Prokops meticulous history restores Jacques and Jacqueline Groag to their rightful places in the pantheon of Viennese Modernists. Prokop explores their individual careers in Vienna and Czechoslovakia, their early collaborations in the 1930s, their lives as Jewish émigrés, and the couples unique contributions in Britain for postwar exhibitions, monuments, furniture and textile design, even a dress for future-queen Elizabeth II. Full color edition, supported by a grant from the Graham Foundation for Advanced Studies in the Fine Arts.

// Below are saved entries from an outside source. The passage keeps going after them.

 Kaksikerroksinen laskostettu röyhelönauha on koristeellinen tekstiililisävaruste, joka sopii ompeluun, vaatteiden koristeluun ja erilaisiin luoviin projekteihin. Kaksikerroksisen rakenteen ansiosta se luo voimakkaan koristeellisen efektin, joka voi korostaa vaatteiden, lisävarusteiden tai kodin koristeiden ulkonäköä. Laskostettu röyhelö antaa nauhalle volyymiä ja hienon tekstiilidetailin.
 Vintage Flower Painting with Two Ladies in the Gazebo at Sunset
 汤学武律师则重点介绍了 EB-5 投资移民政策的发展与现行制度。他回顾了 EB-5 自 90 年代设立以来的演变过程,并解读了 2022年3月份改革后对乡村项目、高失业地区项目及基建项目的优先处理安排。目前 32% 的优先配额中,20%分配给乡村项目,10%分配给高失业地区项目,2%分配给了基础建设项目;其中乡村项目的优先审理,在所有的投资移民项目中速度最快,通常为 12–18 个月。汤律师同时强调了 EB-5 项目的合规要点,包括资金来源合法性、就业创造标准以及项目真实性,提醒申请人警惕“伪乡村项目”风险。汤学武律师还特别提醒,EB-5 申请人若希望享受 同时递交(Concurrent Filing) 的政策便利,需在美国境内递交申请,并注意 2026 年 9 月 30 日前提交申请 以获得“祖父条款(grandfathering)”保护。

The Festival of Britain, the third and much the largest of the post-war design bonanzas is now regarded mainly as the start of the mass-public acceptance of the 'modern' design and architecture. ... It opened up the possibilities inherent in designing and influenced the whole development of the modern multi-disciplinary design office. The Festival was British, extravagantly so, ... but it is ironic that many of the main designers of the Festival in the post-war periods had in fact arrived from abroad: Stefan Buzas, Jacques and Jacqueline Groag. ...Where would British design have been without this foreign input?

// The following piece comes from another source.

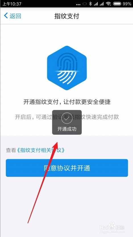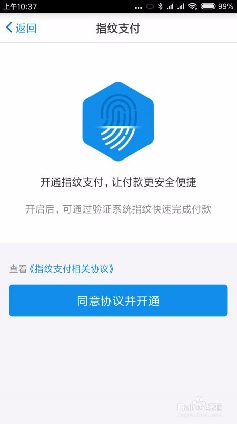 这时就会弹出指纹付出的开通页面,点击“赞成和谈并开通”按钮。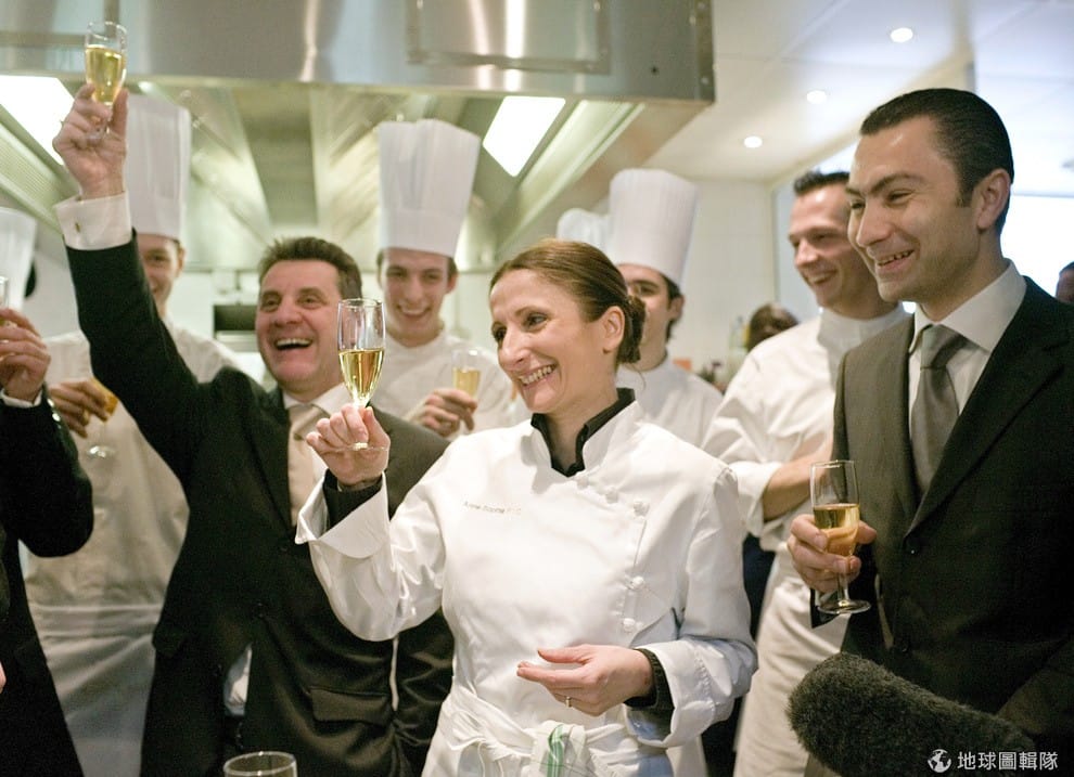 一得知餐廳獲得米其林三星的殊榮,主廚開心地與團隊舉杯慶祝。

- Fiona McCarthy/Patrick Nugents, Eye for Industry, Royal Designers 1936-1986
Among the buildings of the Werkbundsiedlung of 1932, the elegant house by architect Jacques Groag stood out in a positive way. Clever spatial economy succeeded in arranging the rooms so that they do not appear to be small and confined as is the case in one or the other home of the settlement, but spacious and airy. The sensation of the control of space and the strong impression of the room clearly marked the architect as a protege of Adolf Loos. Jacques Groag belongs to the younger Viennese architects whose style stands out because of its ingenious elegance and lightness.
- Österreichische Kunst (Austrian Art)
Jacques Groag´s living spaces exhibit an attitude that abstains from exaggerated "sober" motifs. Next to the purist cheerfulness that is at play, imagination rules, as well as delicate proportions, which are a mental rather than utilitarian matter. This architect has created living spaces that veritably dissolve in light. There is an impulse to open up walls and to take away their material bodies. The fact that Groag came from painting to architecture is apparent via the pictorial effects; it is obvious that he masters the technicalities. ... Almost all of the rooms share a tendency towards delicate fabric covers that dissolve the boundaries of the rooms, a preference for natural-colored floor mats, and for light colors as such.
- Innendekoration
The fact is, that [Jacques Groag] was, until the Nazis invaded Austria, one of the leading and most successful avant-garde architects in Vienna, where he was for many years engaged on work for important housing projects, public buildings and private houses. ... In Britain in the absence of any architectural work, he was glad to supply himself to utility furniture. When, after the war, building activities were resumed, no one in Britain seemed to be aware any longer of his caliber as an architect, and Groag himself was much too modest a man to claim what, by rights, ought to have been his due.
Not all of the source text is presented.